O programa também defende que as pessoas a serem incluídas na triagem devem ser fumantes ativos ou aqueles que pararam de fumar nos últimos 15 anos, com idade entre 50 e 75 anos, com uma taxa cumulativa de mais de 20 anos-maço.
Zabaleta defendeu a relação custo-benefício do rastreamento na Espanha, com base no estudo europeu NELSON, que estabelece um custo de 2.345 euros por ano de vida ajustado à qualidade (QALY), em linha com os custos de outros programas já financiados na Espanha, como o rastreamento do câncer colorretal (2.154 euros/QALY), do câncer de mama (15.000 euros/QALY) ou do câncer do colo do útero (18.646 euros/QALY).
"Além de ser custo-efetivo, devemos ter em mente que não estamos avaliando o impacto da triagem na cessação do tabagismo e não apenas na saúde pulmonar, mas também em problemas circulatórios, renais ou esofagogástricos.
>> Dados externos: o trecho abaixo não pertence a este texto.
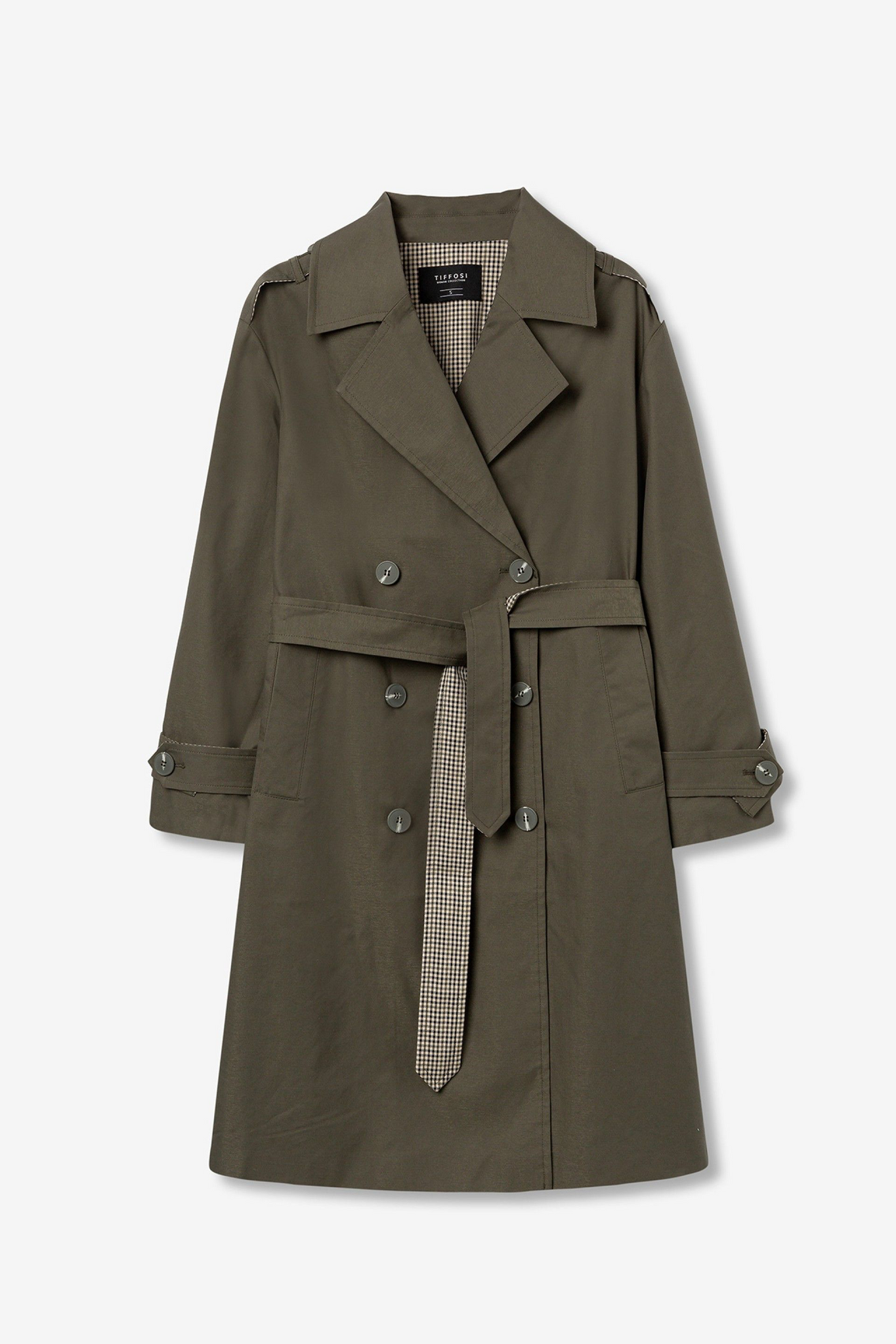 Gabardina larga color verde con detalle de cuadro Vichy en tonos verdes, marrón y beige en el reverso del cuello ,cinturón, solapa y mangas. Abotonada por delante. Bolsillos laterales.

Por todos esses motivos, nós, profissionais da área de câncer de pulmão, acreditamos que já deveríamos ter um sistema de rastreamento público e universal", disse o especialista.
Apesar de todos esses benefícios, ele ressaltou que há desafios e aspectos a serem melhorados em relação aos resultados observados nos estudos sobre rastreamento, após o que destacou que é necessário eliminar o "estigma" associado ao câncer de pulmão, pois, por estar tão intimamente ligado ao tabaco, muitas vezes há desconfiança em "gastar mais dinheiro porque o paciente pediu".
Nesse sentido, ele ressaltou que o câncer de pulmão não é exclusivo de fumantes ou ex-fumantes, portanto, também é importante saber quais não fumantes devem ser examinados.
"A SECT considera que o Sistema Nacional de Saúde (NHS) está pronto para assumir um programa de rastreamento populacional, embora caiba aos Departamentos de Saúde das Comunidades Autônomas tomar a iniciativa de implementá-lo", concluiu o Dr. Zabaleta.